* _Activity_
The listing is to be returned word for word, without its images.

* _Data for this task_
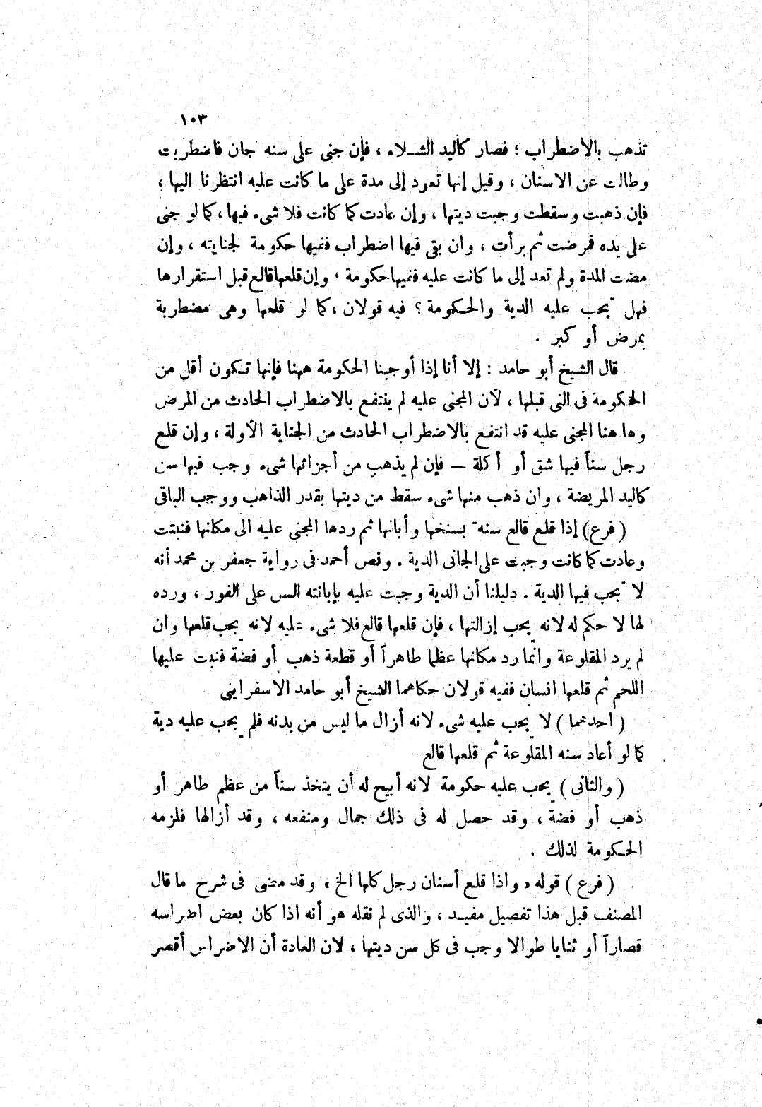 قال الشيخ أبو حامد: إلا أنا إذا أوجبنا الحكومة ههنا فإنها تكون أقل من الحكومة في التى قبلها، لان المجني عليه لم ينتفع بالاضطراب الحادث من المرض وهاهنا المجني عليه قد انتفع بالاضطراب الحادث من الجناية الاولة، وإن قلع رجل سنا فيها شق أو أكلة فإن لم يذهب من أجزائها شئ وجب فيها سن كاليد المريضة، وان ذهب منها شئ سقط من ديتها بقدر الذاهب ووجب الباقي (فرع)
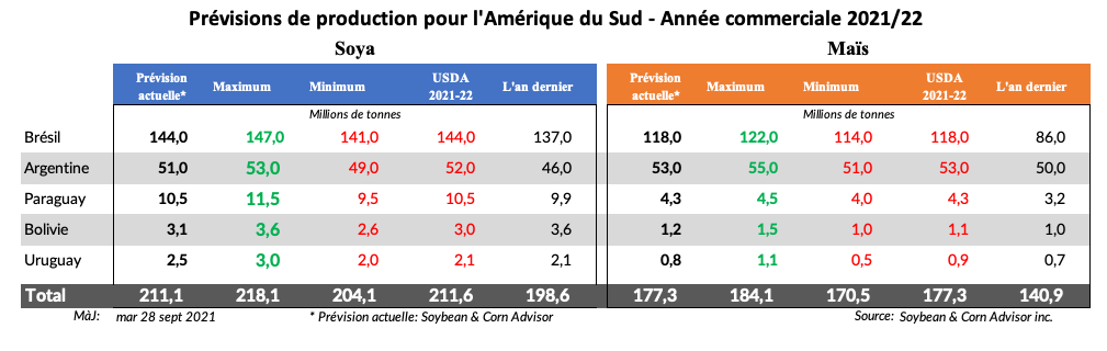 L'humidité du sol est encore trop sèche pour que la plupart des agriculteurs brésiliens commencent à planter leur soya 2021/22, mais la plantation de soya au Brésil devrait mieux démarrer que l'année dernière lorsque le temps sec a retardé la plantation d'un mois ou plus sur de vastes étendues du Brésil. Si la récolte de soya brésilien est semée à temps, ce serait de bon augure pour le maïs safrinha et le coton safrinha qui seraient semés en janvier et février prochains.
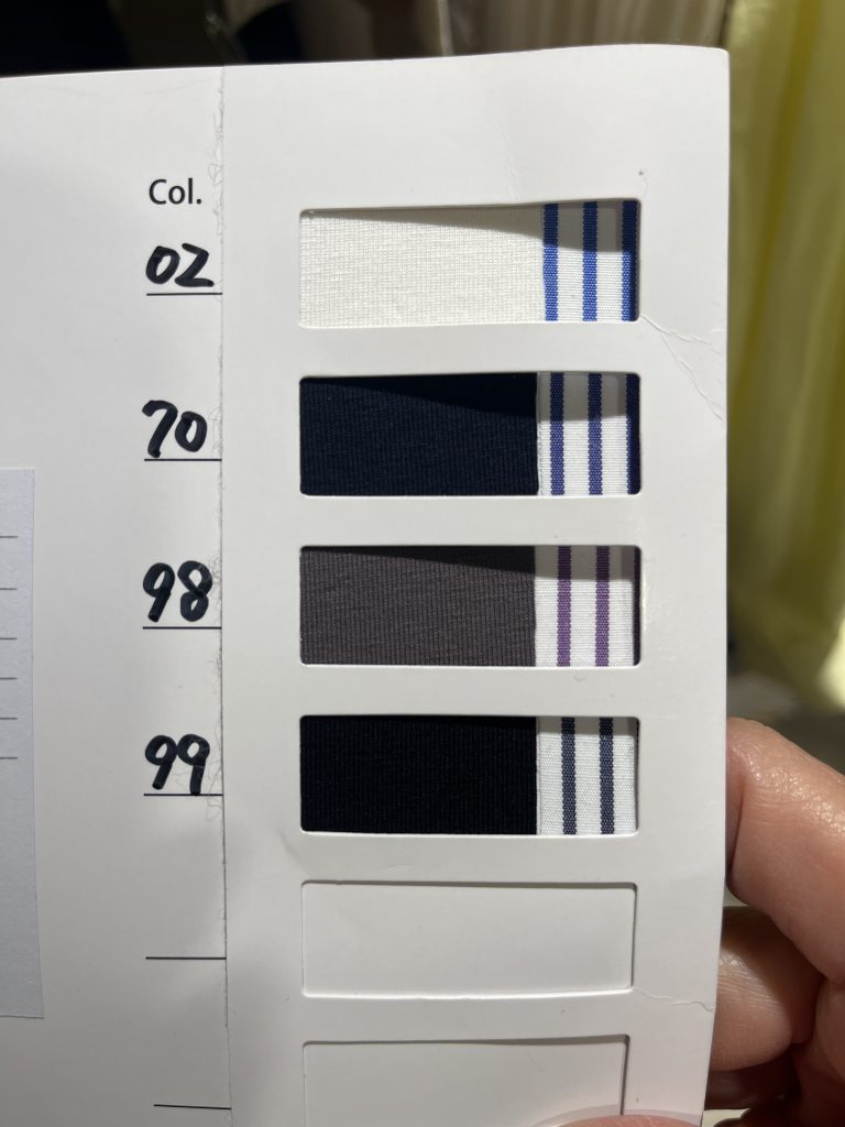 左の無地面が身頃の色でストライプがリボンの色となります。
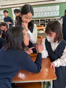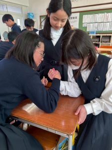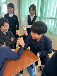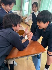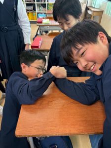 最近の急激な寒さで外に出てこないと思いきや、教室で腕相撲大会が行われていました。
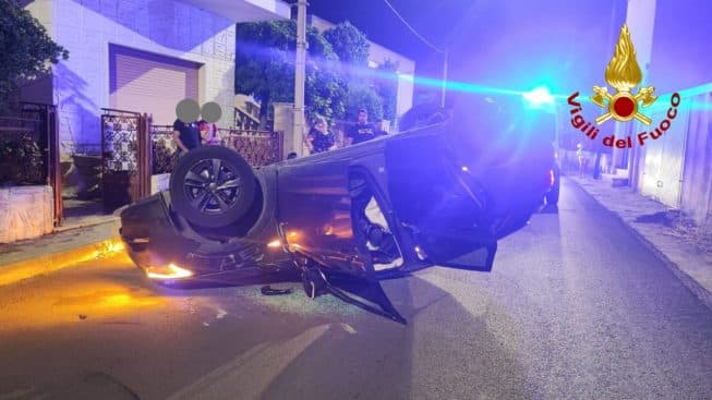 Sul luogo del sinistro, anche i Vigili del Fuoco del Distaccamento di Gallipoli, che hanno provveduto a mettere in sicurezza l’auto e la zona.
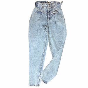 Lawman 80’s Acid Wash High Waisted Tapered Relaxed Fit Mom Jeans Vintage
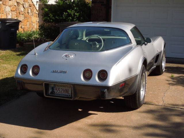 Slick, quick. 1978 Corvette. B2Z anniversary package - special paint, decals, sport mirrors. Oyster interior. The car is in well above average cosmetic condition - never repainted nor has the interior been reworked. It has a bit over 44K miles and has been garage kept. The car was delivered with: L-82 engine 4-speed Borg Warner transmission. 3.36 positraction Tilt/telescope steering column T-tops Air conditioning AM/FM stereo Lighting Package F-41 handling package Power steering Power Brakes Now the car has: 383 aluminum headed stroker - original to the car block MSD Atomic fuel injection on aluminum manifold Roller cam and lifters MSD electronic ignition and rev control Tremec 5-speed transmission, /.064 final drive ratio 4.11:1 rear gears positraction, heavy duty components H/D driveshaft, axles and trailing arms Twin disc ceramic clutch Aluminum radiator Twin electric fans Optima Battery Cal Custom valve covers w/matching fuel pump block off The car will also come with M/T drag radials mounted on 8" steel rally wheels 10 passes on tires. The updated drivetrain has less than 500 miles since it was professionally built by ASE Master Tech George Schmidt. This car is a blast. Has turned a 12.19 1/4 at Tulsa Raceway Park. Should be good for mid 11s, with a better driver than me. I am kind of a novice. Drives great, is fun, and is very streetable. A/C is operational. All original options are intact. Runs well on pump gas. The car has, as a bonus, a custom Kenwood audio system, built by Audio Advice here in Tulsa. Very nicely done, not a hack job. Incorporates bluetooth technology. Buyer arranges shipping or, more fun, just drive it home! Thanks for looking and considering your new home for this neat Corvette. |
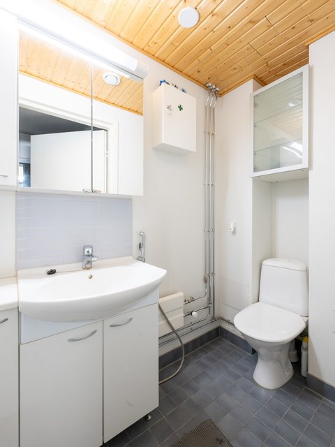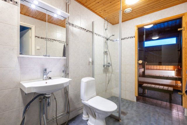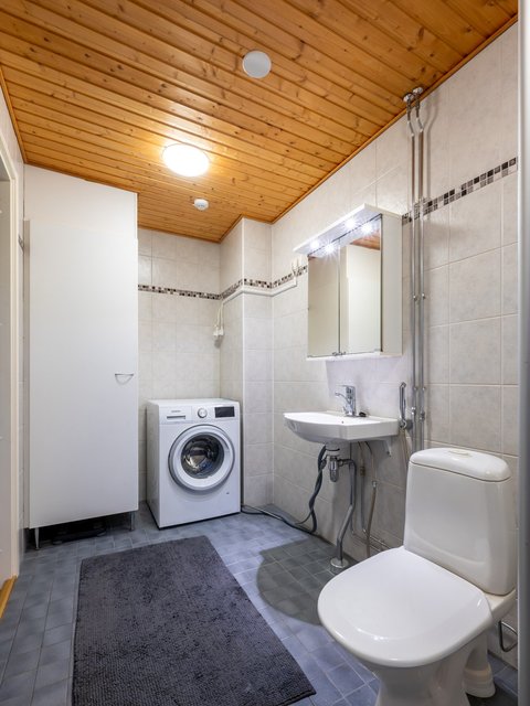 - Lattialämmitys Pesukoneliitäntä Peilikaappi Suihkuseinä Suihku WC-istuin
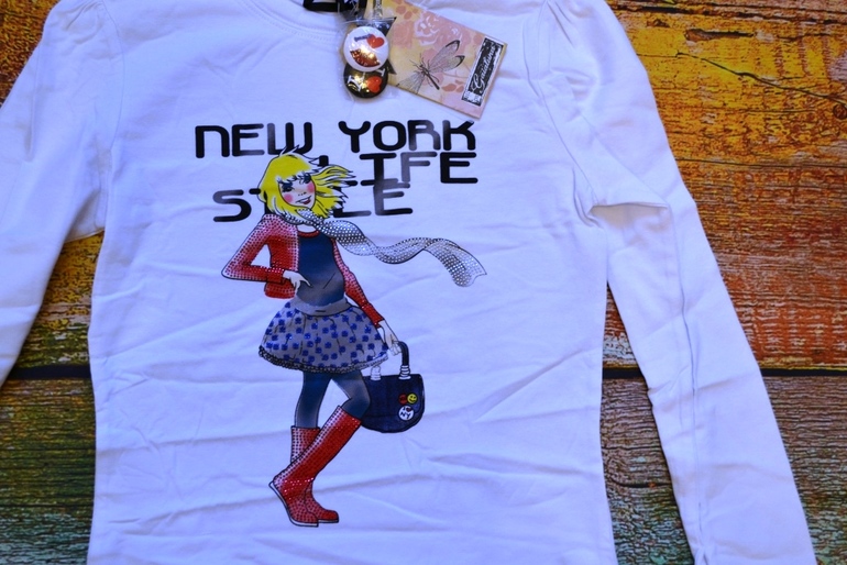 10) Футболка+красный лонгслив+ брошь стрекоза. Размеры: TG.34 (134 см). Цена: 1350 руб.
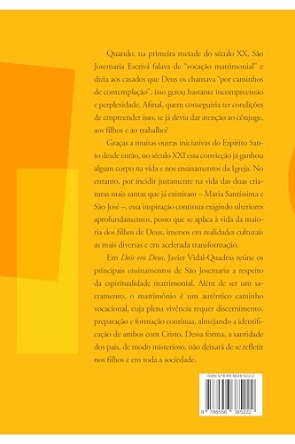 Em Dois em Deus, Javier Vidal-Quadras reúne os principais ensinamentos de São Josemaria a respeito da espiritualidade matrimonial. Além de ser um sacramento, o matrimônio é um autêntico caminho vocacional, cuja plena vivência requer discernimento, preparação e formação contínua, almejando a identificação de ambos com Cristo. Dessa forma, a santidade dos pais, de modo misterioso, não deixará de se refletir nos filhos e em toda a sociedade.
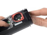 To pry up the tweeter, insert the tip of a spudger between the battery connector and the connector stem of the tweeter and gently press the tweeter upwards to push the stems out of their contact springs.
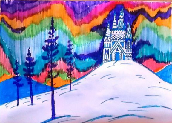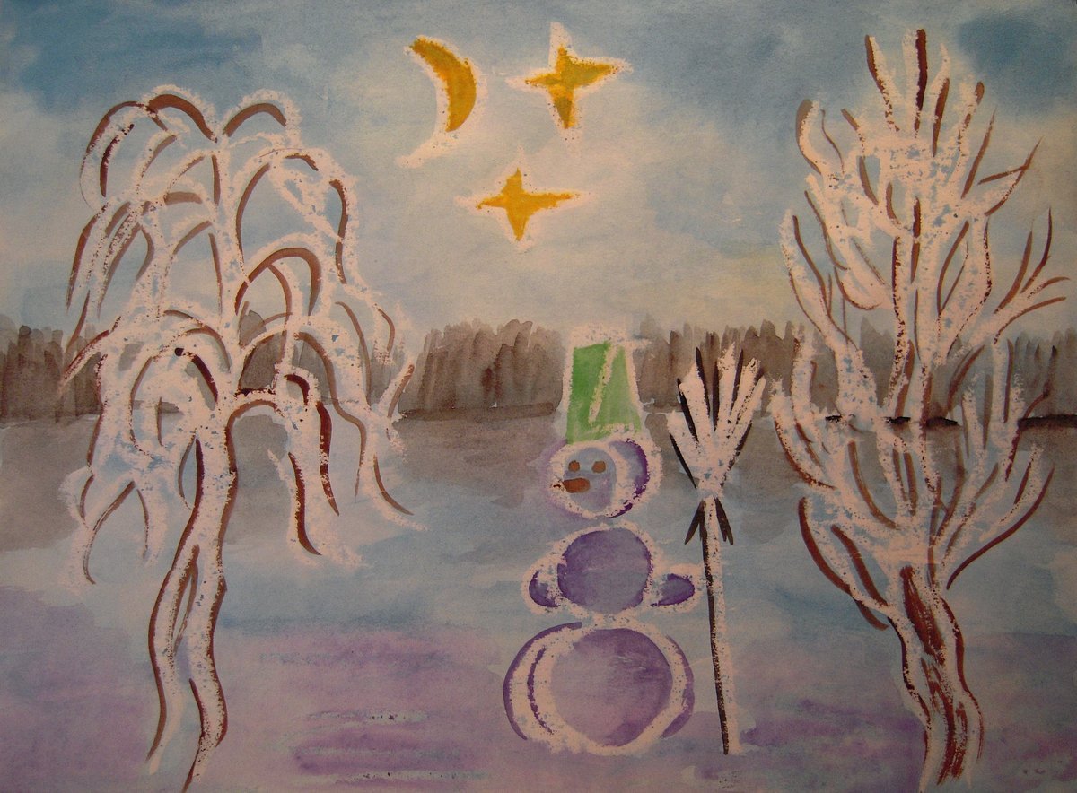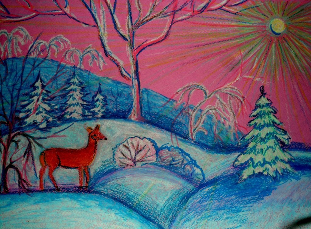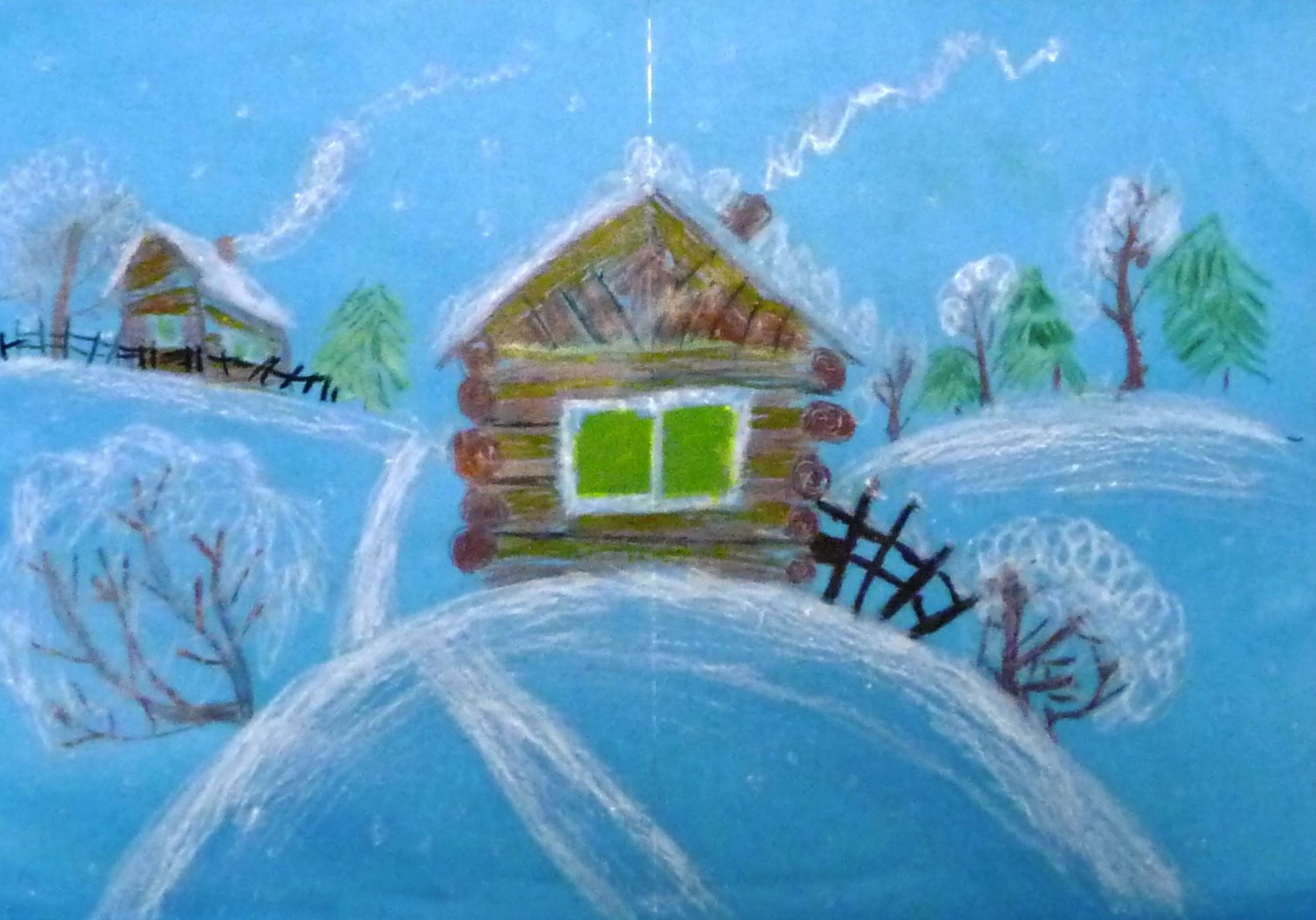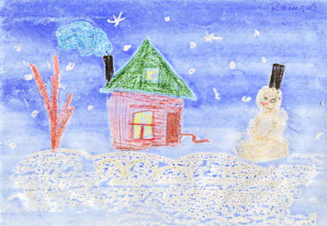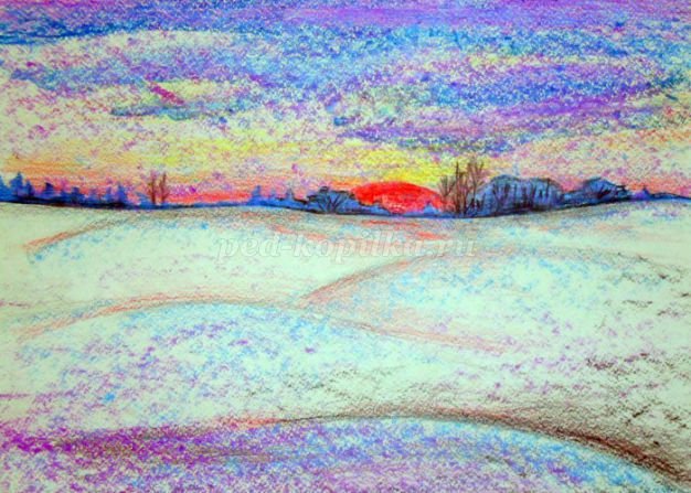 Рисунок восковыми мелками зимний пейзаж (50 фото)

* _Task answer_
 قال الشيخ أبو حامد: إلا أنا إذا أوجبنا الحكومة ههنا فإنها تكون أقل من الحكومة في التى قبلها، لان المجني عليه لم ينتفع بالاضطراب الحادث من المرض وهاهنا المجني عليه قد انتفع بالاضطراب الحادث من الجناية الاولة، وإن قلع رجل سنا فيها شق أو أكلة فإن لم يذهب من أجزائها شئ وجب فيها سن كاليد المريضة، وان ذهب منها شئ سقط من ديتها بقدر الذاهب ووجب الباقي (فرع)
 L'humidité du sol est encore trop sèche pour que la plupart des agriculteurs brésiliens commencent à planter leur soya 2021/22, mais la plantation de soya au Brésil devrait mieux démarrer que l'année dernière lorsque le temps sec a retardé la plantation d'un mois ou plus sur de vastes étendues du Brésil. Si la récolte de soya brésilien est semée à temps, ce serait de bon augure pour le maïs safrinha et le coton safrinha qui seraient semés en janvier et février prochains.
 左の無地面が身頃の色でストライプがリボンの色となります。
 最近の急激な寒さで外に出てこないと思いきや、教室で腕相撲大会が行われていました。
 Sul luogo del sinistro, anche i Vigili del Fuoco del Distaccamento di Gallipoli, che hanno provveduto a mettere in sicurezza l’auto e la zona.
 Lawman 80’s Acid Wash High Waisted Tapered Relaxed Fit Mom Jeans Vintage
 Slick, quick. 1978 Corvette. B2Z anniversary package - special paint, decals, sport mirrors. Oyster interior. The car is in well above average cosmetic condition - never repainted nor has the interior been reworked. It has a bit over 44K miles and has been garage kept. The car was delivered with: L-82 engine 4-speed Borg Warner transmission. 3.36 positraction Tilt/telescope steering column T-tops Air conditioning AM/FM stereo Lighting Package F-41 handling package Power steering Power Brakes Now the car has: 383 aluminum headed stroker - original to the car block MSD Atomic fuel injection on aluminum manifold Roller cam and lifters MSD electronic ignition and rev control Tremec 5-speed transmission, /.064 final drive ratio 4.11:1 rear gears positraction, heavy duty components H/D driveshaft, axles and trailing arms Twin disc ceramic clutch Aluminum radiator Twin electric fans Optima Battery Cal Custom valve covers w/matching fuel pump block off The car will also come with M/T drag radials mounted on 8" steel rally wheels 10 passes on tires. The updated drivetrain has less than 500 miles since it was professionally built by ASE Master Tech George Schmidt. This car is a blast. Has turned a 12.19 1/4 at Tulsa Raceway Park. Should be good for mid 11s, with a better driver than me. I am kind of a novice. Drives great, is fun, and is very streetable. A/C is operational. All original options are intact. Runs well on pump gas. The car has, as a bonus, a custom Kenwood audio system, built by Audio Advice here in Tulsa. Very nicely done, not a hack job. Incorporates bluetooth technology. Buyer arranges shipping or, more fun, just drive it home! Thanks for looking and considering your new home for this neat Corvette. |
 - Lattialämmitys Pesukoneliitäntä Peilikaappi Suihkuseinä Suihku WC-istuin
 10) Футболка+красный лонгслив+ брошь стрекоза. Размеры: TG.34 (134 см). Цена: 1350 руб.
 Em Dois em Deus, Javier Vidal-Quadras reúne os principais ensinamentos de São Josemaria a respeito da espiritualidade matrimonial. Além de ser um sacramento, o matrimônio é um autêntico caminho vocacional, cuja plena vivência requer discernimento, preparação e formação contínua, almejando a identificação de ambos com Cristo. Dessa forma, a santidade dos pais, de modo misterioso, não deixará de se refletir nos filhos e em toda a sociedade.
 To pry up the tweeter, insert the tip of a spudger between the battery connector and the connector stem of the tweeter and gently press the tweeter upwards to push the stems out of their contact springs.
 Рисунок восковыми мелками зимний пейзаж (50 фото)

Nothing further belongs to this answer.